Regresar a la portada
Las flores del tiempo de la lluvia
Kan Imix Che, hijo de hijos de la nobleza Tutul Xiu y sacerdote que escribe pintando, alisa el amate sobre la piedra, con el filo de la misma mano que sostiene el pincel, que moja en los cuencos con tintas negras como la noche, rojas de un rojo intenso, azules maravillosos, verdes y amarillos extraordinarios. Con una infinita dulzura dibuja los glifos que conforman la poesía que, hace días, escribe para la hermosa Yatziri, su flor de rocío, su doncella de luna, tocada de eternidad:
Aun cuando se marchiten
no morirán mis flores.
Piensa en ella y se iluminan sus ojos, y agradece a la diosa luna y al dios del cielo, y le promete a la Mujer Arco Iris dejar el libro en el templo de Ticul, para que los Hombres Sabios lo guarden en secreto de los hombres pálidos que vinieron con el sol, caminando sobre las grandes aguas.
Irán a visitar la casa
del ave de plumas de oro.
Kan Imix Che sabe que la mujer que ama y lo ama leerá su obra en el Templo Oculto y la sonrisa clara del rostro que lo deslumbra le llegará, llenándolo de alegría.
Se embriagarán
y volverán a nuestras manos.
Sabe que debería escribir sobre la grandeza de los dioses del Ma'ya'ab; guardar, para los que
vendrán, las relaciones de los hechos de los gobernates de su tiempo; registrar la malicia de
los hombres de piel como cadáveres, el dolor y la muerte de los suyos.

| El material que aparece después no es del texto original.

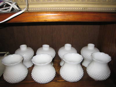 8 VINTAGE SMALL WHITE MILK GLASS HOBNAIL LAMP SHADES
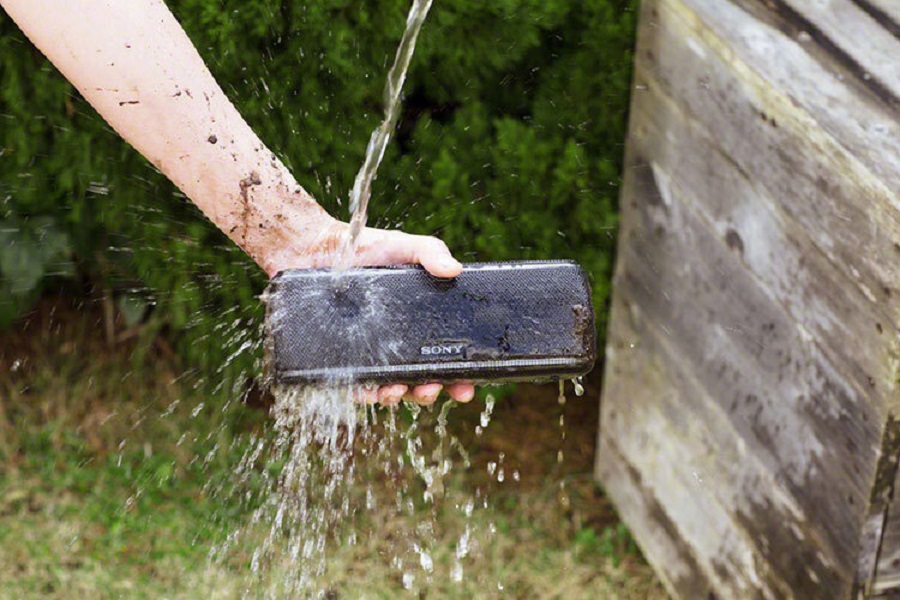 Loa Sony SRS-XB41 được trang bị chuẩn chống nước IP67, nên các cổng kết nối được che bằng một miếng cao su có gioăng dày. Và quan trọng hơn hết giờ đây, người dùng có thể mang loa đi đến các bữa tiệc hồ bơi bởi IP67 có thể kháng nước ở độ sâu 1m trong 30 phút, bạn có thể rửa loa cũng chẳng sao .

Las flores del tiempo de la lluvia,
fragantes flores.
Pero entiende, de manera clara, que la mejor manera de hablar de su tiempo y de su gente; que
la mejor forma de homenajear a los dioses; que el mejor testimonio de su época que puede dejar
escrito, es éste poema inspirado por Yatziri, la querida de Ix Chel, Señora del Amor; su
flecha radiante, su princesa.
abrirán sus corolas
donde anida el ave que te nombra.
Hoy es doce de julio del año del Señor de mil quinientos sesenta y dos, y en Maní arde la hoguera en la que se quema todo registro de la cultura maya; en el Auto de Fe con el que concluye el proceso de inquisición que inició Fray Diego de Landa. «Hallámosles gran número de libros de estas sus letras, y porque no tenían cosa en que no hubiese superstición y falsedades del demonio, se los quemamos todos, lo cual sentían a maravilla y les daba pena», dice el franciscano; mientras los hombres del Alcalde Mayor escarmientan a los señores de Pencuyut, Tekit, Tikunché, Hunacté, Maní, Tekax y Oxkutzcab, por su reticencia a abrazar la nueva fe y a olvidar a sus dioses paganos.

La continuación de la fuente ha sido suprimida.